Security researchers exploited 34 unique zero‑day vulnerabilities on the first day of the Pwn2Own Ireland 2025 competition and collected $522,500 in cash awards, organisers said. The event is run by Trend Micro’s Zero Day Initiative (ZDI), which coordinates responsible disclosure and gives affected vendors a 90‑day window to release fixes before public disclosure.
The day’s largest single prize went to Bongeun Koo and Evangelos Daravigkas of Team DDOS, who chained multiple flaws to compromise a QNAP Qhora‑322 router via its WAN interface and gain access to a QNAP TS‑453E NAS, earning $100,000. Details of their chain were shared on social media by the contest’s tracking account, including a post documenting the chaining eight zero-day flaws, and a linked post from the team is available here.
Other successful demonstrations included full root compromises that earned $40,000 apiece for Synacktiv Team, Sina Kheirkhah of the Summoning Team, the DEVCORE Team, and Stephen Fewer of Rapid7 against devices including the Synology BeeStation Plus, the Synology DiskStation DS925+, the QNAP TS‑453E and the Home Assistant Green. Multiple teams including STARLabs, Team PetoWorks, Team ANHTUD and Ierae exploited a Canon imageCLASS MF654Cdw printer during the day, while STARLabs also earned $50,000 for a Sonos Era 300 compromise and Team ANHTUD collected $40,000 for an exploit of the Philips Hue Bridge.

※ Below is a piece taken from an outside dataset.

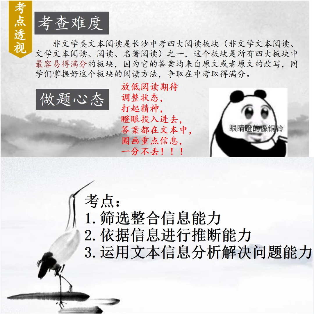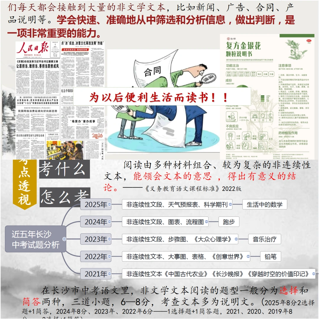 仔细研究近几年长沙中考真题就会发现,现在的现代文阅读里面的非连变成了非文学作品阅读,向高考的方向靠近,依旧不爱考议论文。

Sina Kheirkhah and McCaulay Hudson of the Summoning Team combined two zero‑day vulnerabilities to gain root on a Synology ActiveProtect Appliance DP320 and were awarded $50,000. The Summoning Team collected a total of $102,500 on day one and moved to the top of the Master of Pwn leaderboard with 11.5 points.
Pwn2Own Ireland 2025 covers a wide set of targets, with the program outlining that it features eight categories including flagship smartphones, messaging apps, smart home devices, printers, home networking and network storage systems, surveillance equipment, and wearable technology. The ZDI also expanded the mobile category this year to allow USB‑port exploitation of locked handsets while retaining wireless protocols such as Bluetooth, Wi‑Fi and NFC; organisers published a schedule noting that on the second day researchers will again target network‑attached storage, printers, smart home and surveillance systems as well as the Samsung Galaxy S25.
ZDI announced earlier in the year that it would offer a $1 million reward for a demonstrated zero‑click WhatsApp exploit that achieves code execution without user interaction. Meta, QNAP and Synology are among the co‑sponsors of Pwn2Own Ireland, which runs from October 21 to October 24 in Cork, Ireland. ZDI also said it will return in January 2026 to the Automotive World show in Tokyo for a Pwn2Own Automotive contest, with details posted in a ZDI notice about the event for its third Pwn2Own Automotive contest.